• [TASK DIRECTIONS]: Pictures aside, repeat the listing below exactly.

• [SOURCE DATA]:
═══

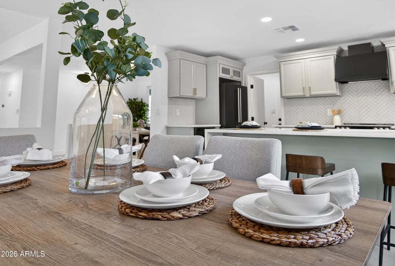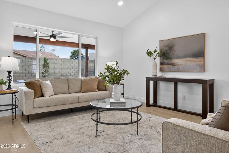 Listing details for 2717 Medina Ave, Mesa, AZ 85202 : Re-imagined architecture and refined modern touches create a timeless, elevated vibe. Welcome to this gorgeously updated 3-bedroom, 2-bath residence with a stunning, light-filled open-concept design. The kitchen declares a statement, featuring a sophisticated palette, designer herringbone backsplash, solid-surface waterfall countertops, GE Café appliances, soft-close custom cabinetry, a walk-in pantry, and a generous breakfast bar. Wood-style plank flooring flows seamlessly throughout. Step outside to a private, resort-style backyard with an extended covered patio, crystal-blue pool, new turf, fire pit, and ceiling fans. Location is everything, with easy access to dining, shopping, freeways, and the airport—set within one of Mesa's most sought-after master-planned golf communities.
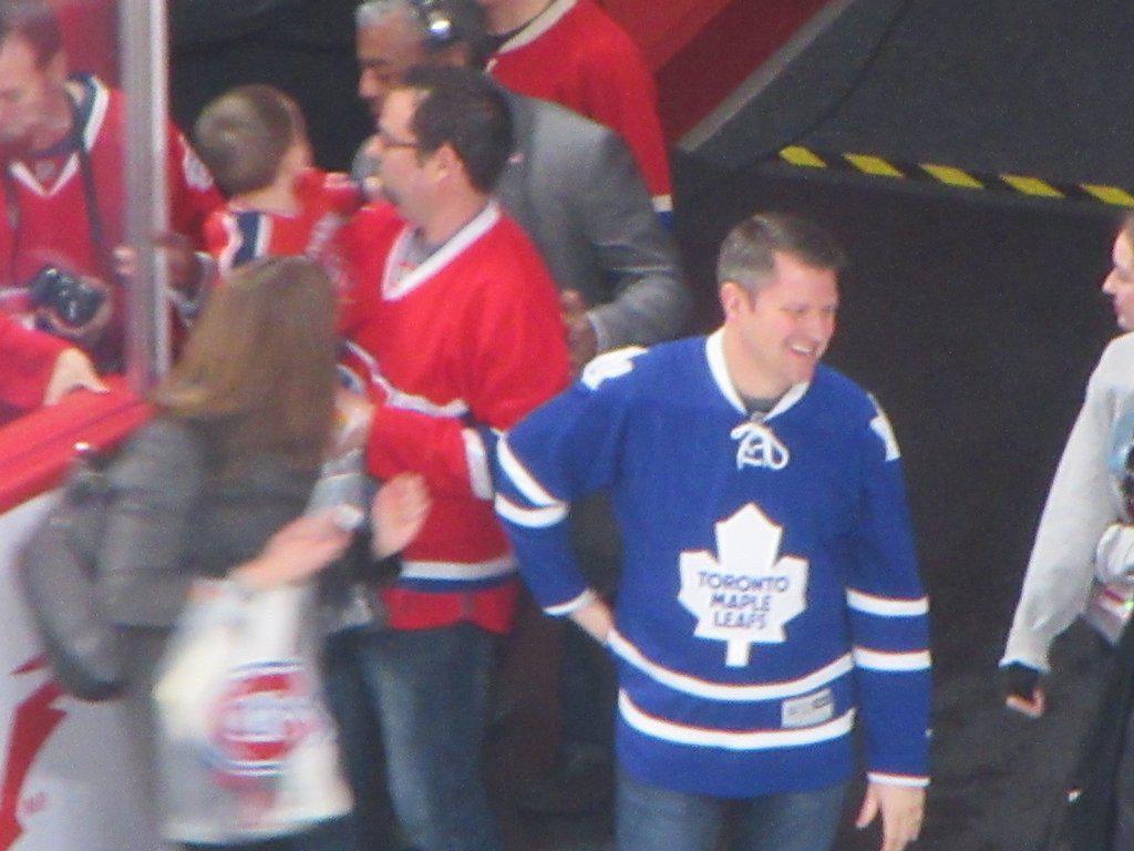 Very quickly though, the signs of change were apparent. We were in Schwartz's and indeed all was as before (except for Celine on the placemat). The place was of course full, but with the early hour and cold temperatures outside, there was at least no line on the sidewalk. Among the customers were those in hockey sweaters, since clearly we were not the only ones who planned to come here and then take the Metro to the rink. But among the sweaters was a fair, even an equal number of Leafs sweaters. And later, at the rink (Bell Centre) , there was also an equal number of Leafs sweaters.
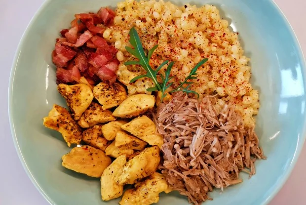 Рис ширатаки Куриная грудка Сливки 10%-ные Сыр дорблю Грибы эноки Бекон Морская соль Смесь молотых перцев Сливочное масло Карри-порошок Перец чили хлопьями Главная Основные блюда Авторская кухня Пошаговые рецепты Блюда с рисом

═══

• [RESPONSE AREA]:
 Listing details for 2717 Medina Ave, Mesa, AZ 85202 : Re-imagined architecture and refined modern touches create a timeless, elevated vibe. Welcome to this gorgeously updated 3-bedroom, 2-bath residence with a stunning, light-filled open-concept design. The kitchen declares a statement, featuring a sophisticated palette, designer herringbone backsplash, solid-surface waterfall countertops, GE Café appliances, soft-close custom cabinetry, a walk-in pantry, and a generous breakfast bar. Wood-style plank flooring flows seamlessly throughout. Step outside to a private, resort-style backyard with an extended covered patio, crystal-blue pool, new turf, fire pit, and ceiling fans. Location is everything, with easy access to dining, shopping, freeways, and the airport—set within one of Mesa's most sought-after master-planned golf communities.
 Very quickly though, the signs of change were apparent. We were in Schwartz's and indeed all was as before (except for Celine on the placemat). The place was of course full, but with the early hour and cold temperatures outside, there was at least no line on the sidewalk. Among the customers were those in hockey sweaters, since clearly we were not the only ones who planned to come here and then take the Metro to the rink. But among the sweaters was a fair, even an equal number of Leafs sweaters. And later, at the rink (Bell Centre) , there was also an equal number of Leafs sweaters.
 Рис ширатаки Куриная грудка Сливки 10%-ные Сыр дорблю Грибы эноки Бекон Морская соль Смесь молотых перцев Сливочное масло Карри-порошок Перец чили хлопьями Главная Основные блюда Авторская кухня Пошаговые рецепты Блюда с рисом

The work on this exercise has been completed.